_Work order:_
Return the lines of the material below exactly, beginning with the line that has "[탄탄한이너니트] 4컬러 2/4 반소매 베이직 심플 반 목폴라 니트" in it and finishing with the line that has "深圳南油温柔风针织休闲套装女秋季一字肩上衣阔腿裤运动风两件套" in it. Leave all pictures aside.

Information given START

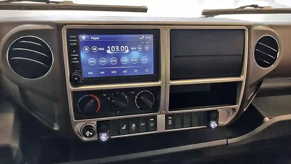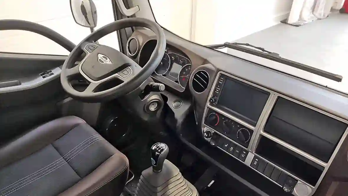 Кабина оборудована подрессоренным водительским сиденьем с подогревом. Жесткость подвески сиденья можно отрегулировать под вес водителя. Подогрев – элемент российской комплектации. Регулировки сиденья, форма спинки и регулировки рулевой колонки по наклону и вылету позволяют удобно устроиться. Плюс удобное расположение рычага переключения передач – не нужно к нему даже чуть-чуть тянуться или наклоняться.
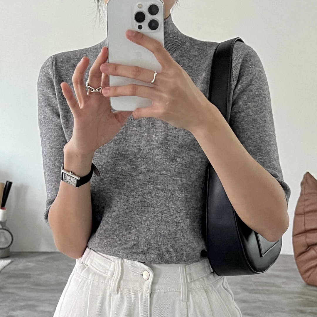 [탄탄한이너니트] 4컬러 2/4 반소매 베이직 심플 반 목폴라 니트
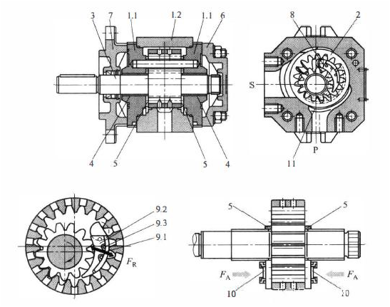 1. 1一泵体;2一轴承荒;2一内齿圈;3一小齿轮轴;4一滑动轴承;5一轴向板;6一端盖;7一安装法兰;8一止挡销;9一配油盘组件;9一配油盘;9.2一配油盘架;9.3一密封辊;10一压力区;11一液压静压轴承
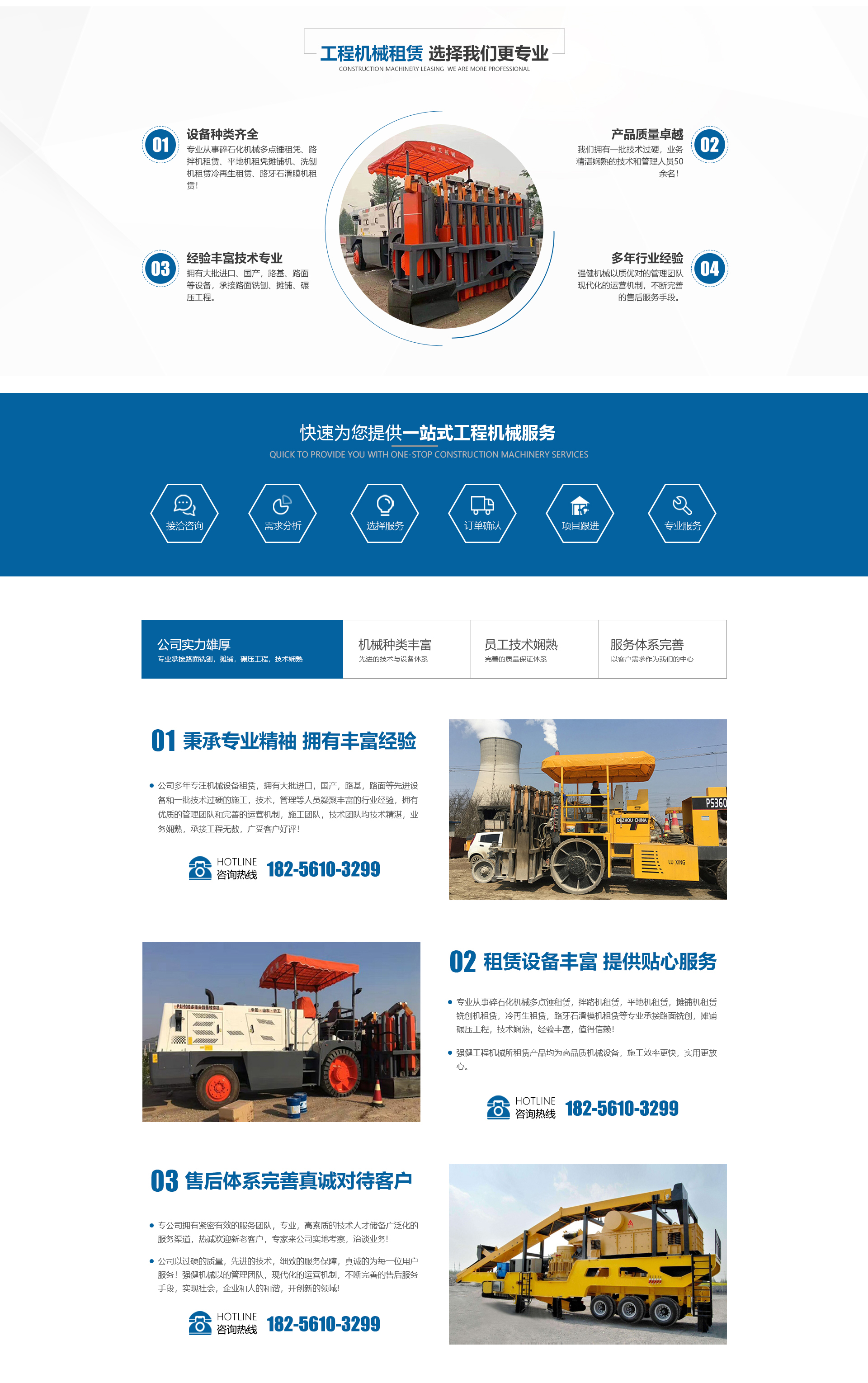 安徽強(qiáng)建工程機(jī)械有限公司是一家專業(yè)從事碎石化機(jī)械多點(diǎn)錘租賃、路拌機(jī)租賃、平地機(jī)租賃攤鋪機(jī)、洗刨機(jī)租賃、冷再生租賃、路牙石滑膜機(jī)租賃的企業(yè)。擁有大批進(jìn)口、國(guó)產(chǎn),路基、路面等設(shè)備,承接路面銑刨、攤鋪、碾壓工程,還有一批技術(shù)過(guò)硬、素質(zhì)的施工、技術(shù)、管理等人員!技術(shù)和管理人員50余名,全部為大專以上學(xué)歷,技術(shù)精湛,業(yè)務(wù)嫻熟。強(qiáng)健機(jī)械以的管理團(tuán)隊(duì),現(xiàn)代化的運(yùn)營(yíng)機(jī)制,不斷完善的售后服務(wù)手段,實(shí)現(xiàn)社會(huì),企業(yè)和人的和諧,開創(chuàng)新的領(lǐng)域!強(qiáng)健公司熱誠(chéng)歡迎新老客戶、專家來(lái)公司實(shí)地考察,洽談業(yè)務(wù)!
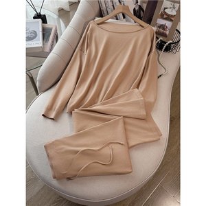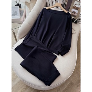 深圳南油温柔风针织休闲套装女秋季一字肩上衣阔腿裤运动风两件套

Information given END
Information given START

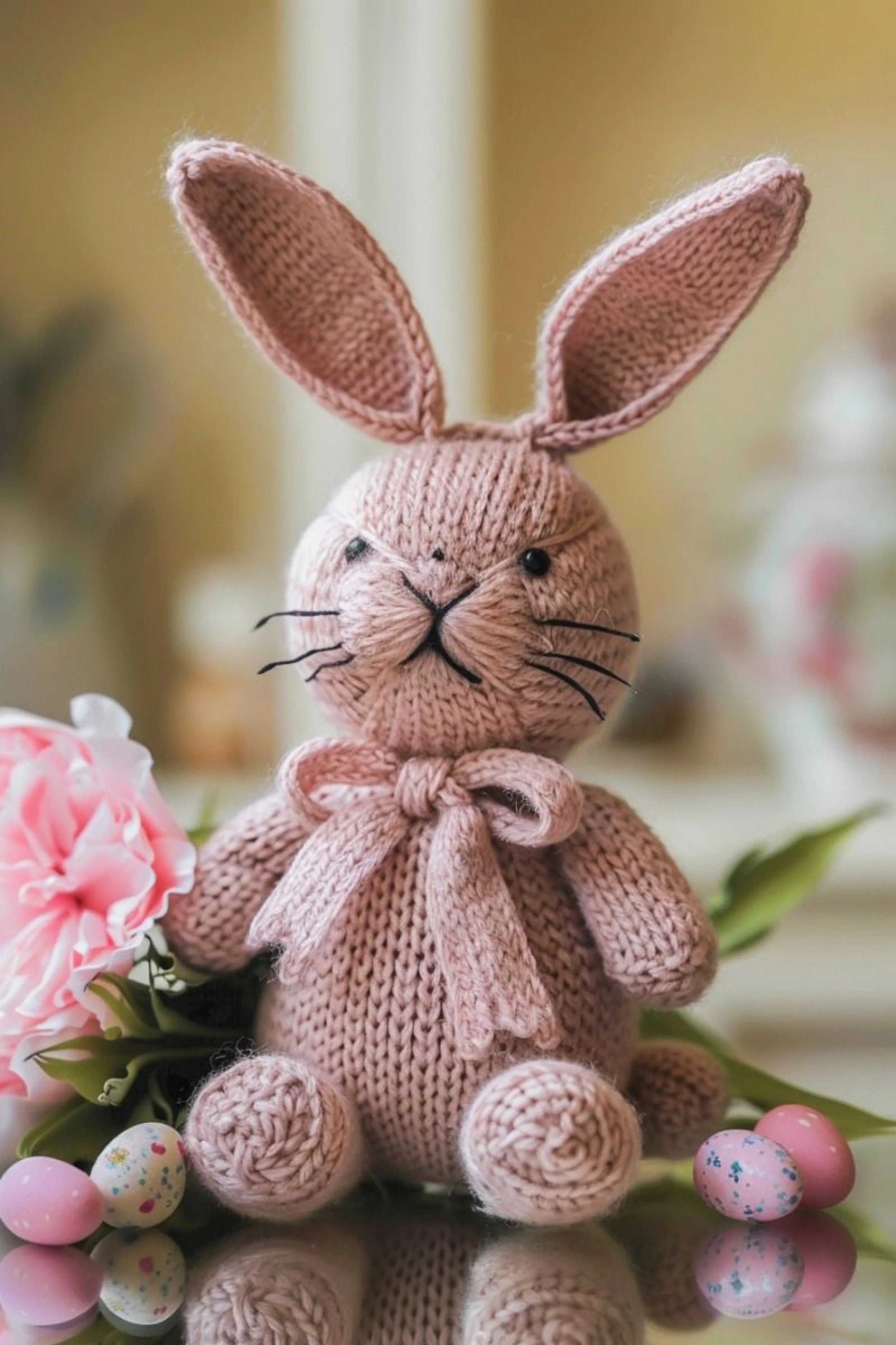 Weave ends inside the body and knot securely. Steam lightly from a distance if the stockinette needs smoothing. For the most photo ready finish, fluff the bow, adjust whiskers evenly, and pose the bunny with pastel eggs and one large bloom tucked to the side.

Information given END
Information given START

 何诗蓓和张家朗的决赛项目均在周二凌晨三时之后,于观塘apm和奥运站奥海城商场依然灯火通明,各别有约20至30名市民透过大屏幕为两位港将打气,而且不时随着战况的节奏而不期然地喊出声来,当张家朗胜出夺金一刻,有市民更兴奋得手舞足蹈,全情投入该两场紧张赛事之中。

Information given END

_Task output:_
 [탄탄한이너니트] 4컬러 2/4 반소매 베이직 심플 반 목폴라 니트
 1. 1一泵体;2一轴承荒;2一内齿圈;3一小齿轮轴;4一滑动轴承;5一轴向板;6一端盖;7一安装法兰;8一止挡销;9一配油盘组件;9一配油盘;9.2一配油盘架;9.3一密封辊;10一压力区;11一液压静压轴承
 安徽強(qiáng)建工程機(jī)械有限公司是一家專業(yè)從事碎石化機(jī)械多點(diǎn)錘租賃、路拌機(jī)租賃、平地機(jī)租賃攤鋪機(jī)、洗刨機(jī)租賃、冷再生租賃、路牙石滑膜機(jī)租賃的企業(yè)。擁有大批進(jìn)口、國(guó)產(chǎn),路基、路面等設(shè)備,承接路面銑刨、攤鋪、碾壓工程,還有一批技術(shù)過(guò)硬、素質(zhì)的施工、技術(shù)、管理等人員!技術(shù)和管理人員50余名,全部為大專以上學(xué)歷,技術(shù)精湛,業(yè)務(wù)嫻熟。強(qiáng)健機(jī)械以的管理團(tuán)隊(duì),現(xiàn)代化的運(yùn)營(yíng)機(jī)制,不斷完善的售后服務(wù)手段,實(shí)現(xiàn)社會(huì),企業(yè)和人的和諧,開創(chuàng)新的領(lǐng)域!強(qiáng)健公司熱誠(chéng)歡迎新老客戶、專家來(lái)公司實(shí)地考察,洽談業(yè)務(wù)!
 深圳南油温柔风针织休闲套装女秋季一字肩上衣阔腿裤运动风两件套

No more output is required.